|Ozzy with Black Sabbath|
Thrash metal was a reaction against glam. As Bobby Blitz of Overkill said, referencing Slayer’s early days in L.A., “for every action there is an equal and opposite reaction.” Yet despite its protestations thrash was never fully an everyman’s genre. There were still the bullet belts, the devil horns, the denim jackets, the logos, etc. The difference, I think, is that for thrash metal these theatrical elements were contingent aspects of its success; but for other parts of the metal scene the theater was a central element. For theatrical bands…you take away the theater and you take away the show.
|Overkill: Denim, Leather, Bullet Belts...metal!|
Which one wins?
So what are we to think of a tour which encompasses both thrash and theater?
According to a recent press release, thrash metal icons Megadeth and horror-show producer Rob Zombie will co-headline on a tour beginning in May 2012. This interesting pairing pits the two aforementioned aspects of metal against each other.
I saw Rob Zombie (then White Zombie) perform with Pantera in Wichita, Kansas in 1993. White Zombie had just released their highly successful La Sexorcisto: Devil Music, Vol. 1 and put on a thematic show, complete with large movie screen in the back center-stage – depicting horror show clips. It’s a cool gimmick and one that goes well with Zombie’s nonsense-lyric groove metal.
|Rob Zombie: Metal Theater|
Megadeth, whom I've seen multiple times, are more straightforward and forgo even pyrotechnics in favor of letting their guitars and crowd interactions thrill the audience. Their music has, for the most part, stood the test of time - and are now enjoying renewed interest from audiences all over the world.
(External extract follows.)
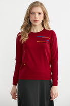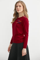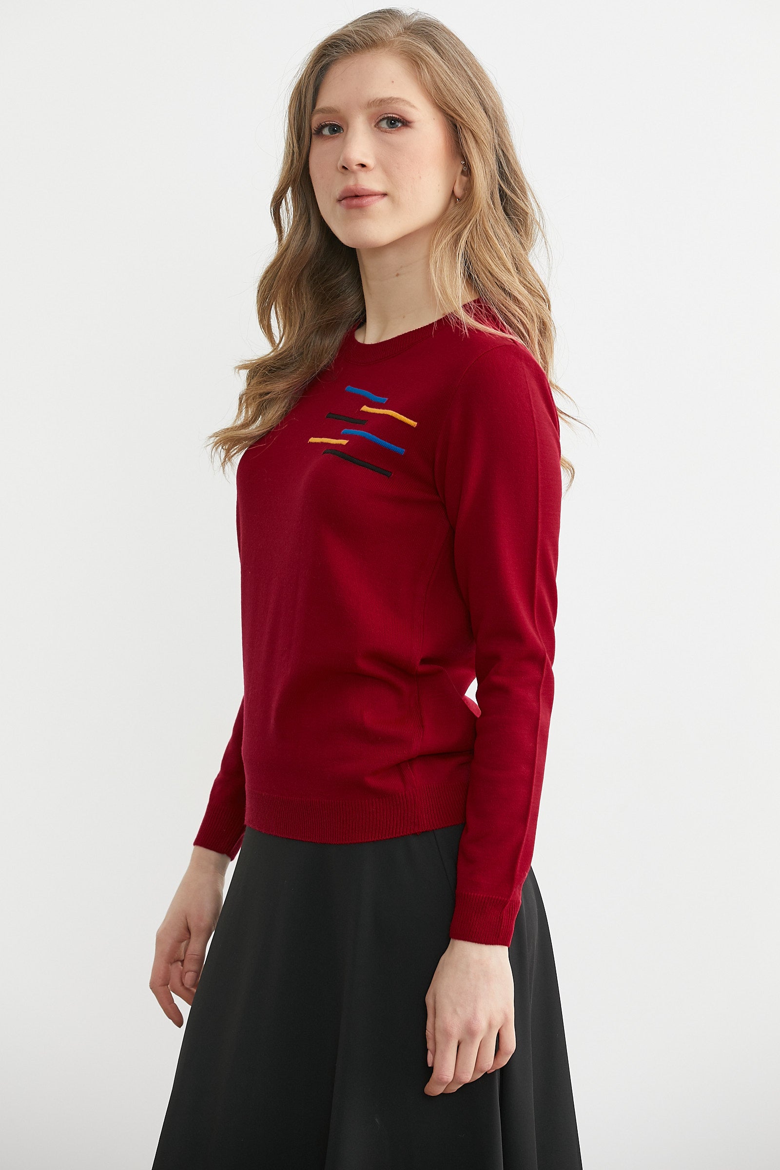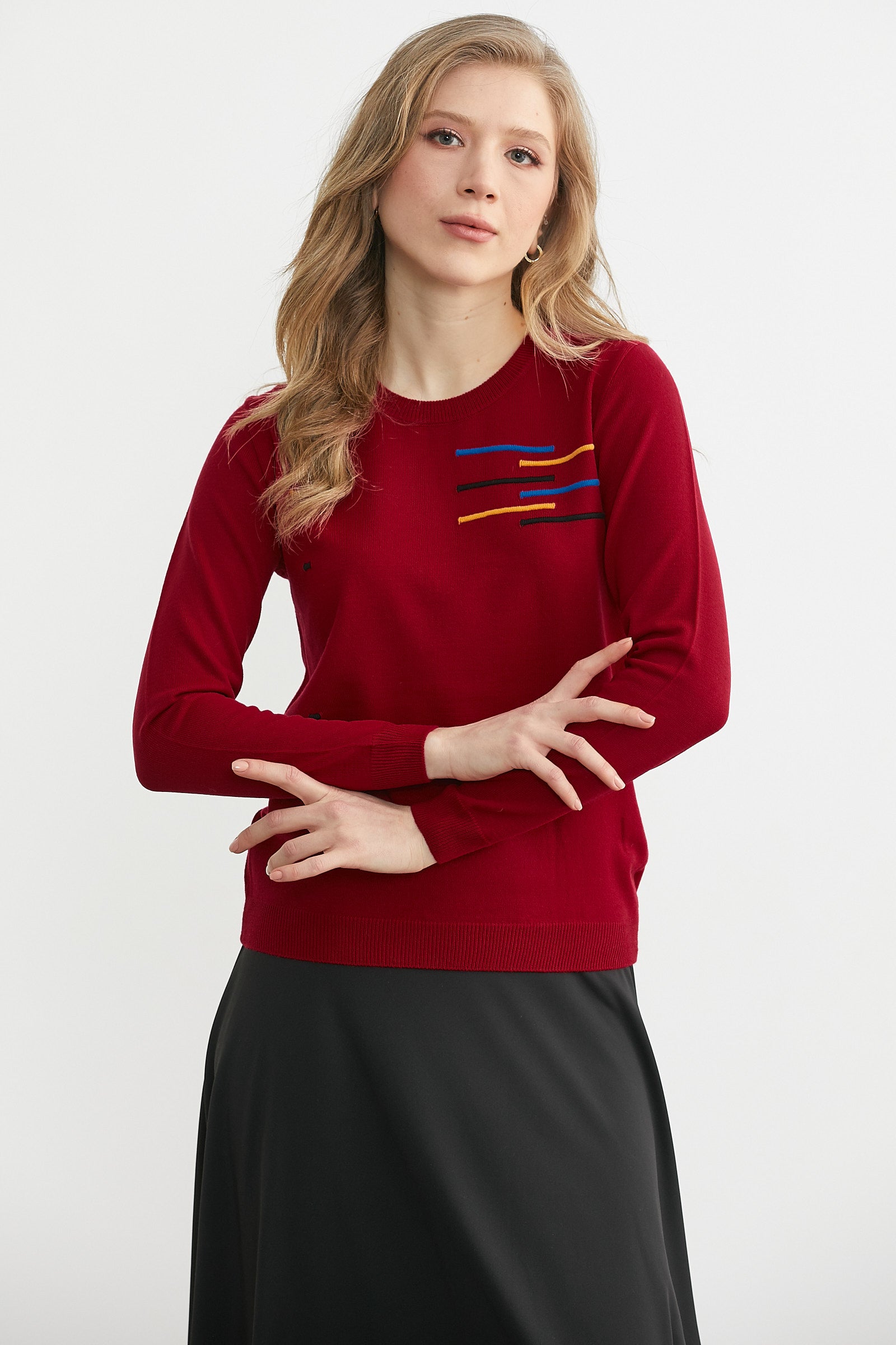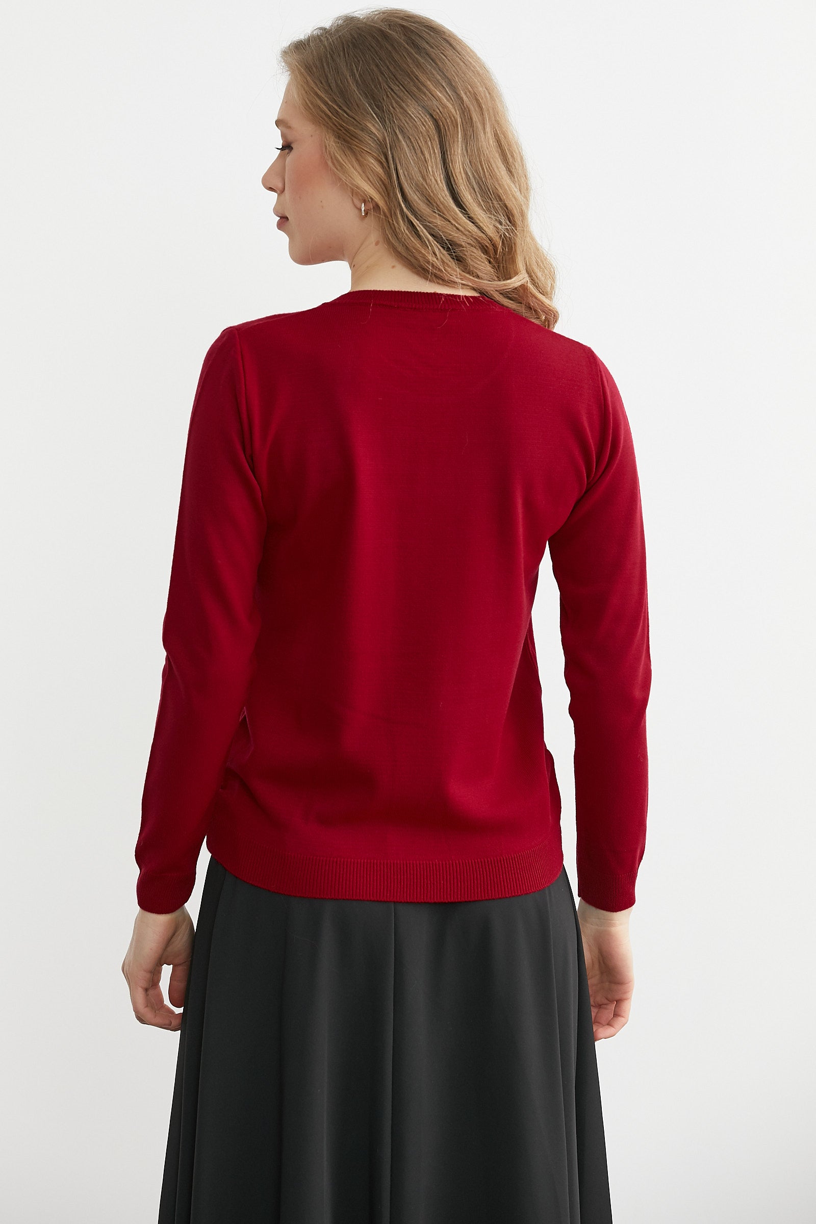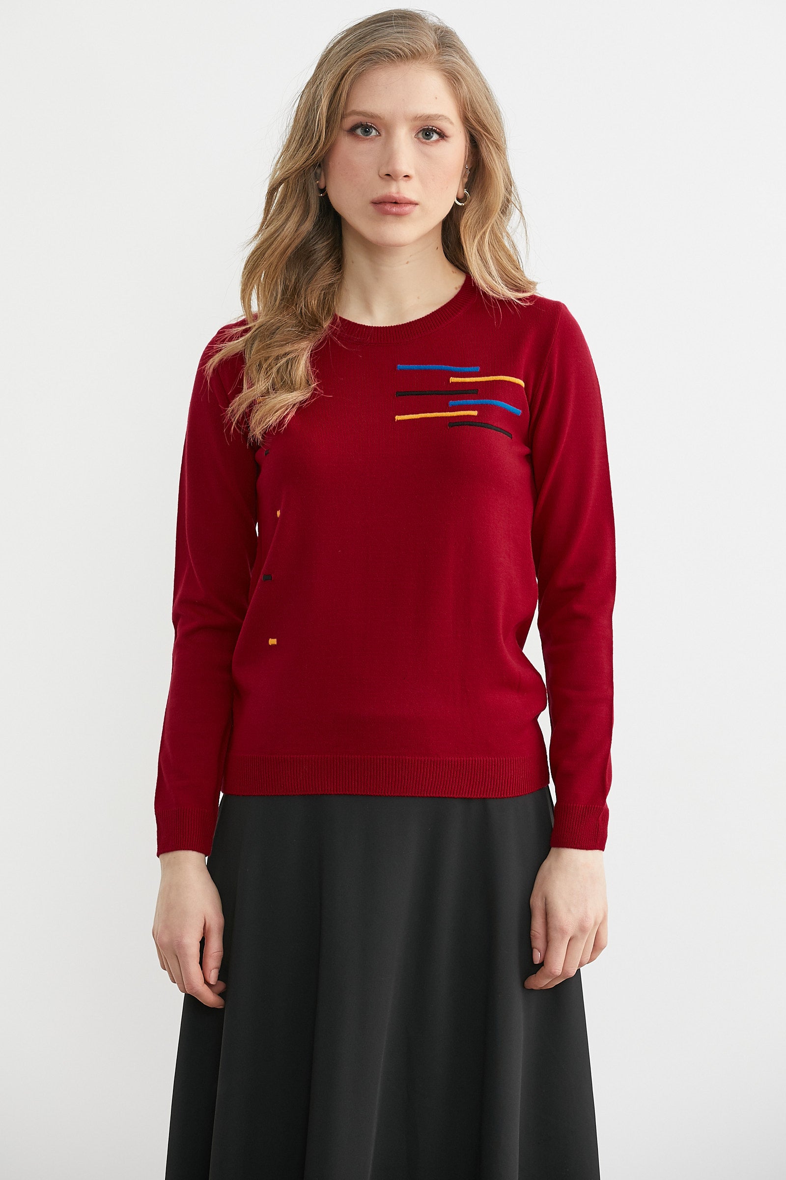 Yuvarlak Yaka Desenli Triko Kazak - Kırmızı

Here’s what I think. Rob Zombie will put on a good show. Megadeth will put on a good show. Yet, several years from now those in attendance will be happy to say they had seen Megadeth live since Megadeth’s music will still remain relevant. Rob Zombie’s show will, like all good horror gimmicks, fade in one’s memory.
It is probably not coincidental that White Zombie became commercially successful during the 1990’s, a decade that almost killed thrash metal. At that time, people were suckers for musical gimmicks that, in retrospect, were simply the flavor du jour. Remember grunge, rap metal, and Load/Reload?
So for those of you metalheads lucky enough to go to this undoubtedly entertaining show, please remember that metal comes in a wide variety of flavors – to include both thrash and theater. In a few years, however, don’t be surprised when popcorn metal seems but a distant memory to thrash at its finest.